# Seed gene discovery

This pipeline discovers *seed genes* for DeepRVAT training. The pipeline runs SKAT and burden tests for missense and pLOF variants, weighting variants with Beta(MAF,1,25). To run the tests, we use the `Scoretest` from the [SEAK](https://github.com/HealthML/seak) package (has to be installed from github).

To run the pipeline, an experiment directory with the `seed_gene_discovery_input_config.yaml` has to be created. See [example file](https://github.com/PMBio/deeprvat/blob/main/example/config/seed_gene_discovery_input_config.yaml).
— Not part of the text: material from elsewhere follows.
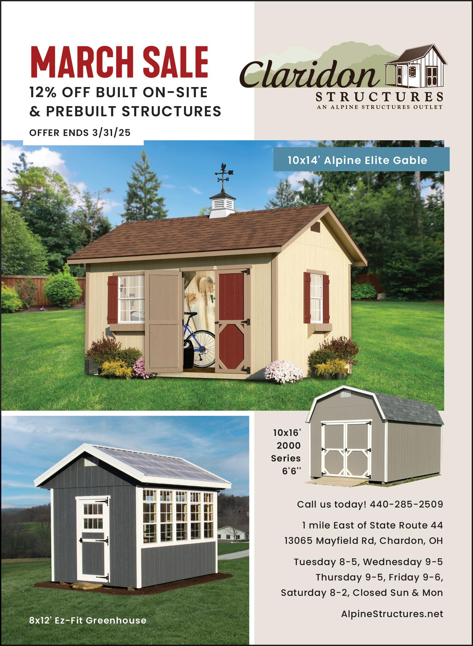 Munson Township’s indoor flea market will be held at the Munson Town Hall and Fire Station Bay, 12210 Auburn Road. The $1 entrance fee for shoppers will go toward the Munson Township Scholarship Fund. Youth 12 and under are free.

When the seed gene discovery pipeline is executed, a comprehensive `sg_discovery_config.yaml` file is automatically generated based on the `seed_gene_discovery_input_config.yaml` input.

(input-data)=
## Input data

The experiment directory in addition requires to have the same input data as specified for [DeepRVAT](#input-data-formats), including
- `annotations.parquet`
- `protein_coding_genes.parquet`
- `genotypes.h5`
- `variants.parquet`
- `phenotypes.parquet`
- `seed_gene_discovery_input_config.yaml` (use [this](https://github.com/PMBio/deeprvat/blob/main/example/config/seed_gene_discovery_input_config.yaml) as a template)

The `annotations.parquet` dataframe, generated by the annotation pipeline, can be utilized. To indicate if a variant is a loss of function (pLoF) variant, a column `is_plof` has to be added with values 0 or 1. We recommend to set this to `1` if the variant has been classified as any of these VEP consequences: `["splice_acceptor_variant", "splice_donor_variant", "frameshift_variant", "stop_gained", "stop_lost", "start_lost"]`.

(configuration-file)=
## Configuration file

You can restrict to only missense variants (identified by the `Consequence_missense_variant` column in `annotations.parquet` ) or pLoF variants (`is_plof` column) via 
```
variant_types:
    - missense
    - plof
```
and specify the test types that will be run via 
```
test_types:
   - skat
   - burden
```

The minor allele frequency threshold is set via 

```
rare_maf: 0.001
```

You can specify further test details in the test config using the following parameters:

- `center_genotype` center the genotype matrix (True or False)
- `neglect_homozygous` Should the genotype value for homozyoogus variants be 1 (True) or 2 (False)
- `collapse_method` Burden test collapsing method. Supported are `sum` and `max`
- `var_weight` Variant weighting function. Supported are `beta_maf` (Beta(MAF, 1, 25)) or `sift_polpyen` (mean of 1-SIFT and Polyphen2 score)
- `min_mac` minimum expected allele count for genes to be included. This is the cumulative allele frequency of variants in the burden mask (e.g., pLoF variants) for a given gene (e.g. pLoF variants) multiplied by the cohort size or number of cases for quantitative and binary traits, respectively. 

```
test_config:
    center_genotype: True
    neglect_homozygous: False
    collapse_method: sum #collapsing method for burden, 
    var_weight_function: beta_maf 
    min_mac: 50 # minimum expected allele count

```

## Running the seed gene discovery pipeline

In a directory with all the [input data](#input-data) required and your [configuration file](#configuration-file) set up, run: 

```
[path_to_deeprvat]/pipelines/seed_gene_discovery.snakefile
```

Replace `[path_to_deeprvat]` with the path to your clone of the repository.